Thus, we may adopt an HMM $\lambda _c$ as a rich generative model of sequences $\sigma =<d_1,\ldots ,d_T>$ belonging to a given category c. We will discuss this in more detail later, including the form of the covariates involved, in the explanation of the line 5 of the algorithm shown in Fig. 1.
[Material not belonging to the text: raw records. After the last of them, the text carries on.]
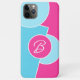 Beautiful contemporary bright hot pink, light pastel, aqua turquoise blue, and white colored circles pattern. With room to customize or personalize with a name monogram or initial of your choice. Funky, elegant, stylish, and eclectic design for the fancy artistic fashionista, the artsy fashion diva, popular hip trendsetter, vintage retro art style, and abstract digital geometric motif lover who wants to protect their phone from dust and dirt, wear and tear. This design is available for iPhone 6, 7, and 8 Plus, 10 or X, XR, XS, 11, 12, 13 Mini, 14, and 15 Pro Max cellphone cases. Show off your style, look fashionable, and feel stylish with a unique design on a mobile device accessory of your choice.
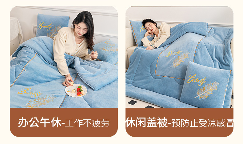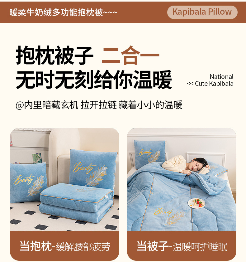 (总)哩哩熊 2025新款抱枕被子两用加厚二合一汽车载枕头办公室午睡毯子冬天靠枕-羽叶,羽叶-宝石蓝,羽叶-奶茶咖,羽叶-浅蓝,羽叶-香芋紫,羽叶-烟灰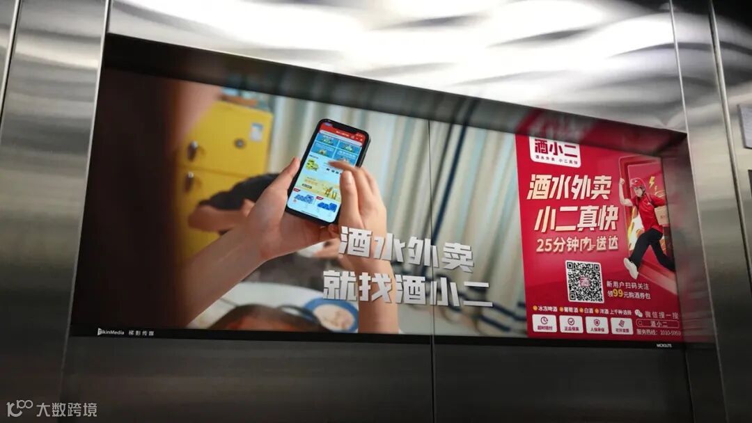 所以经常“露脸”变得十分重要,就像“酒小二”在梯影大屏上的广告语“25分钟内送达”,强化了“酒水外卖,小二真快”的品牌特色。“酒小二”的配送小哥就像化身现代的小二,借助梯影大屏的高频曝光,在消费者心中形成强烈记忆。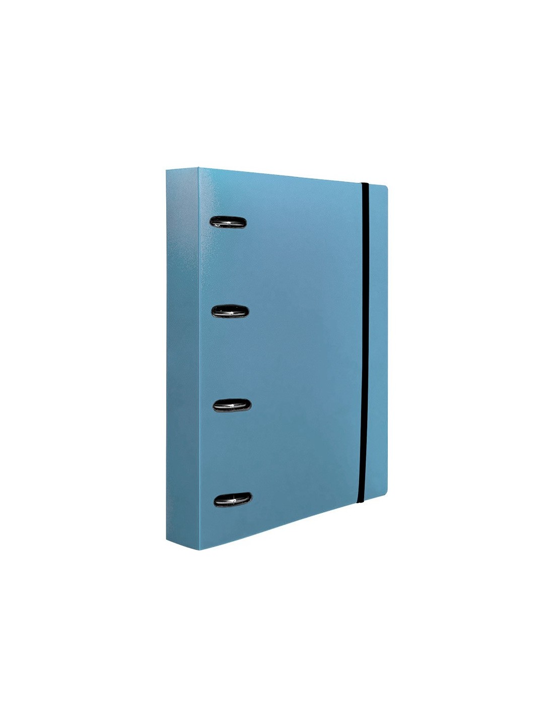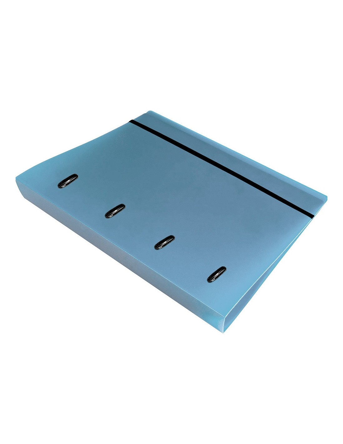 Carpeta con recambio de 4 anillas mixtas, fabricada en polipropileno de 1000 micras. Cierre con gomilla del mismo color. Con ranuras para anillas. Papel interior de 80 g/m² con cuadricula 5 x 5 mm y 4 taladros. 100 hojas.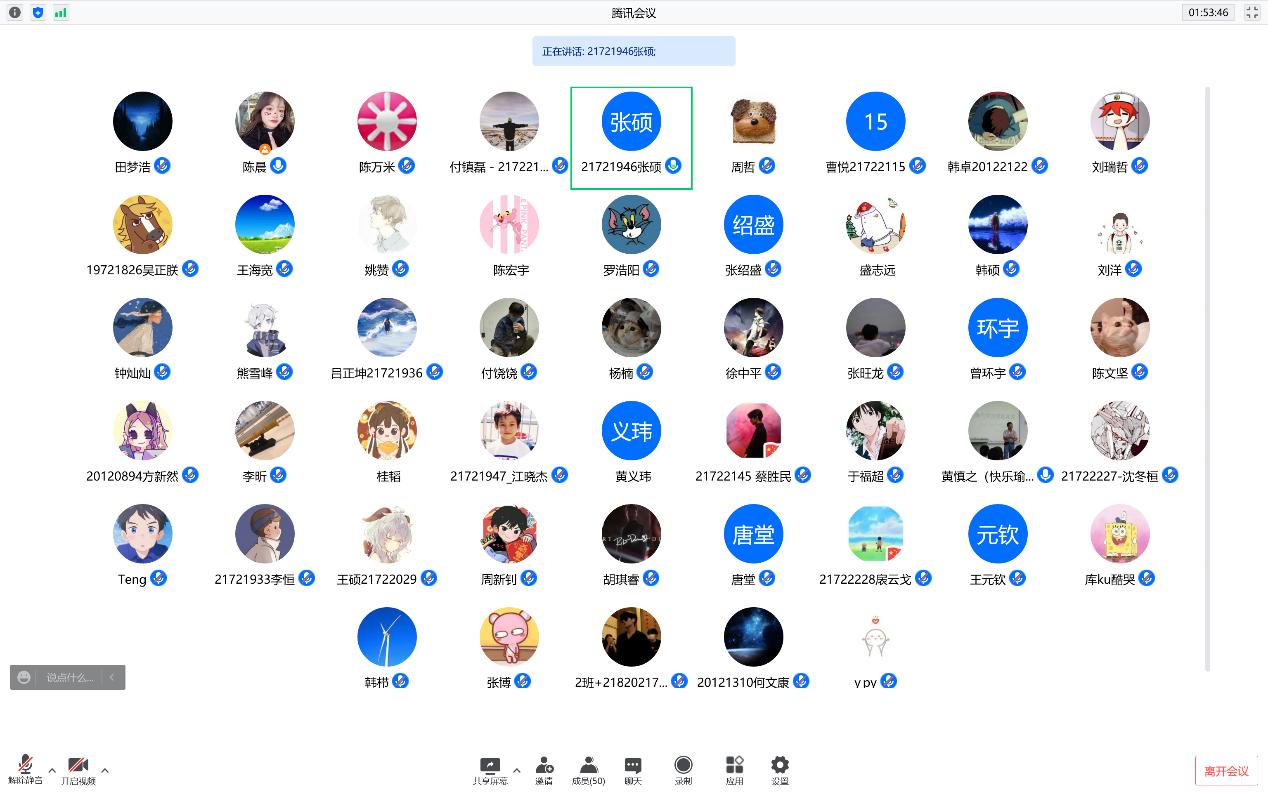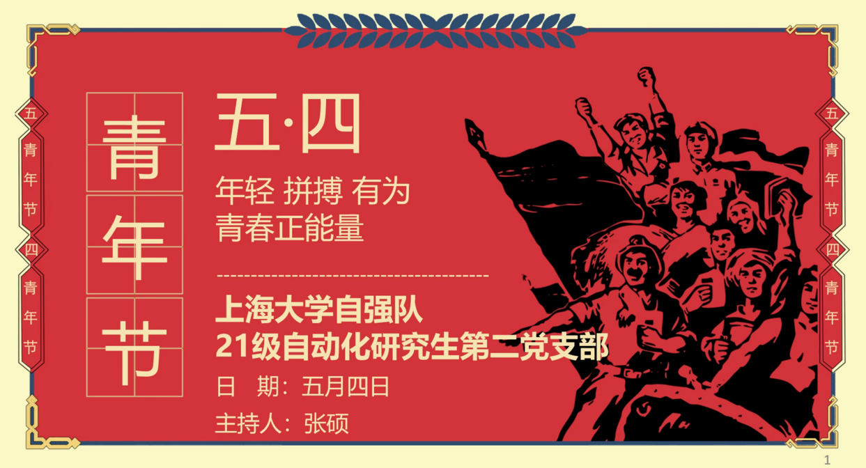 恰逢五四青年节到来之际,为缅怀革命先烈,发扬五四精神,增强广大学生的使命感和责任感,在自强队指导老师王海宽、李昕、韩栉和黄慎之老师的带领下,自强队在读的研究生、本科生队员、21级自动化研究生第二党支部等学生和前自强队指导老师陈万米共五十人共聚云端,迎来了一场特殊的相遇。自强队一直保持着在五四青年节开展一些有意义活动的传统。由于今年疫情影响,学校进行封闭管理,自强队大家庭虽没能在线下聚首共庆五四,但在云端相聚也丝豪不影响自强队青年们对弘扬五四精神的那份热情,学五四精神,传递自强队精神——自强不息;先天下之忧而忧,后天下之乐而乐。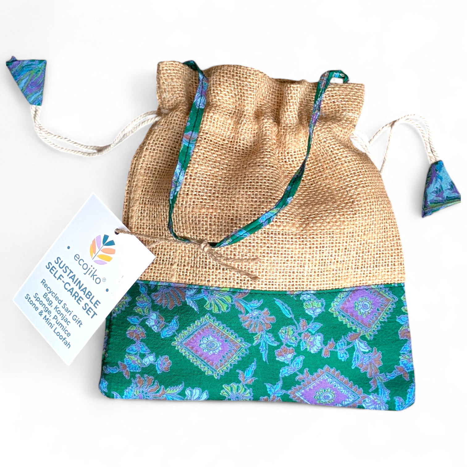 - Jute & recycled sari gift bag, pumice stone, konjac sponge, and mini loofah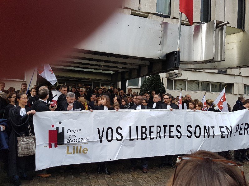 jean Luc WABANT prend la parole lors de la manifestation des magistrats, des greffiers et des avocats devant le palais de justice de Lille. Il condamne les réformes qui visent à éloigner le justiciable de la justice pour masquer le manque de moyens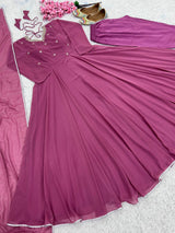 Dusty Pink Indian Designer Gown With Embroidery Work on Neck and Dupatta

Latent Dirichlet Allocation (LDA) [4]. The Latent Dirichlet allocation (LDA) is a generative probabilistic model of a collection of documents (a corpus). Basically, it assumes that there is a set of k topics^{Footnote 1} $Z = \{z_j\}$ and each document $d\in D$ of the corpus deals with a mixture $\theta _d$ of them, i.e., $\theta _d:Z\rightarrow [0,1]$ such that $\sum _{j} \theta _d(z_j)=1$. Each topic $z_j$ is, in turn, a distribution over a set of words (vocabulary) $V=\{w_i\}$, i.e., $z_j: V\rightarrow [0,1]$ and $\sum _i z_j(w_i)=1$.

It is assumed that for the whole corpus a parameter denoted by $\beta $ is fixed and each topic distribution $z_j\in Z$ is sampled from the Dirichlet distribution with parameter $\beta $ over the space of all multinomial (categorical) distributions over the vocabulary V. Another parameter set for the whole corpus is $\alpha $ which is the parameter of the Dirichlet distribution used to sample the mixtures of topics, to be explained below. Then, a document d, belonging to a corpus characterized by the values of parameters $\alpha $ and $\beta $, is assumed to be generated in the following process:

1.
First, the length of the document in words, N, is sampled according to the Poisson distribution with the parameter $\xi $.
2.
Second, the mixture of topics $\theta _d$ is sampled for the document according to the Dirichlet distribution with the parameter $\alpha $.
3.
Finally, for each of the N positions of words assumed to comprise the document d, first a topic $z_j$ is sampled using the multinomial distribution $\theta _d$ and then a word $w\in V$ is chosen using the multinomial distribution related to the topic $z_j$.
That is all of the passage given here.